Statistical analyses

We hypothesized that (i) readmission models based on demographics and functional status would outperform models based on demographics and comorbidities and (ii) the addition of comorbidity data to function-based models would not improve predictive ability. To test the hypotheses, we developed a series of logistic regression models: the “Functional” model that included demographic variables (age, sex, and race) and functional status (admission FIM^TM motor score and FIM^TM cognitive score), the “Functional-Plus” models that added comorbidity data to the Functional Model according to each comorbidity scoring system, and the “Demographic-Comorbidity” models that included only demographic variables and comorbidities from each scoring system. Predictive ability for readmission of each model was examined at 3 and 30 days after admission to IRF. Model performance was assessed using the area under the receiver operator curve (c-statistic). The c-statistic captures the absolute ability of a model to discriminate between those readmitted and those not readmitted and has been used in prior readmission studies and in a systematic review of readmission risk prediction.^20,28,30,31 A c-statistic of 0.50 signifies that a model performs no better than chance. A c-statistic of 0.70-0.80 signifies modest to acceptable discriminative ability, and a c-statistic greater than 0.80 signifies good discriminative ability.^44,45 We used the difference between c-statistics for two models at the same time point as a comparison method. A c-statistic difference of 0.05 was considered meaningful based on prior literature.^28,31 Any Functional-Plus model meeting this threshold and any failure of the Functional model to outperform a Demographic-Comorbidity model by at least 0.05 was considered evidence against our hypotheses. Tests of significance were not performed on the differences between c-statistics calculated from our models given that even negligible differences would likely be statistically significant given the large size of our sample.⁴⁶ The potential effect of non-normal distributions of age in our population was examined using linear, linear spline, and restricted cubic spline transformations. Model calibration at 3 and 30 days was assessed using lowess calibration plots. Internal validation was performed using boot-strapping.

Results

Between 2002 and 2012, there were 5,630,451 adult IRF admissions in the UDSMR database. Of those, 91,810 had Impairment Group codes associated with traumatic SCI. We excluded 5861 patients who had >90 days between SCI onset and IRF admission, as well as 17,554 patients who were not admitted to inpatient rehabilitation directly from an acute hospital. No patients were excluded based on age <18 or >108 years. The final sample was 68,395 patients from 1097 IRFs. The mean age was 49.58 years, 71.0% (48,559/68,395) were male, and 69.8% (47,748/68,395) were white. Of the study population, 1469 (2.15%) were readmitted to an acute hospital within three days, and 7081 (10.35%) were readmitted within 30 days after IRF admission. Table 2 shows demographic, medical, and facility data for the study population.
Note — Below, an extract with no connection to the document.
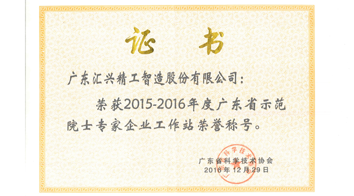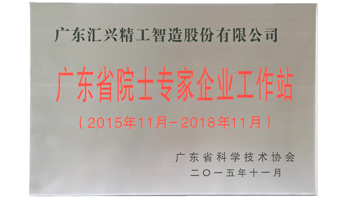 匯興智造廣東省示范院士專家企業工作站榮譽證書

Table 2. Patient characteristics.

Number of patients, n	68395
Number of facilities, n	1097
Age, mean (SD)	49.58 (19.87)
Male, n (%)	48559 (71.00)
Race, n (%)
White	47748 (69.81)
Black	10169 (14.87)
Hispanic	5830 (8.52)
Asian	1558 (2.28)
Multi-racial	413 (0.60)
Other	1077 (1.57)
Admission motor FIM, mean (SD)	28.81 (13.57)
Admission cognitive FIM, mean (SD)	27.67 (6.94)
Level of impairment, n (%)
Incomplete paraplegia	8391 (12.27)
Complete paraplegia	7829 (11.45)
Unspecified paraplegia	3779 (5.52)
Incomplete quadriplegia, C1-4	6746 (9.86)
Incomplete quadriplegia, C5-8	8331 (12.18)
Complete quadriplegia, C1-4	1937 (2.83)
Complete quadriplegia, C5-8	3215 (4.70)
Unspecified quadriplegia	2560 (3.74)
Other	25607 (37.44)
Married, n (%)	29070 (42.50)
Living alone pre-injury, n (%)	14215 (20.78)
Employed pre-injury, n (%)	32427 (47.41)
Primary payor source, n (%)
Medicare	20845 (30.48)
Medicaid	9653 (14.11)
Commercial	22094 (32.30)
Unreimbursed	6202 (9.07)
Workers’ compensation	4254 (6.22)
Other	5342 (7.81)
Number of comorbidities, mean (SD)	7.64 (2.92)
Length of IRF stay, mean days (SD)	25.84 (23.31)
Discharge disposition, n (%)
Community	48417 (70.79)
Acute facility	8239 (12.05)
Skilled nursing/subacute	5087 (7.44)
Other	4628 (6.77)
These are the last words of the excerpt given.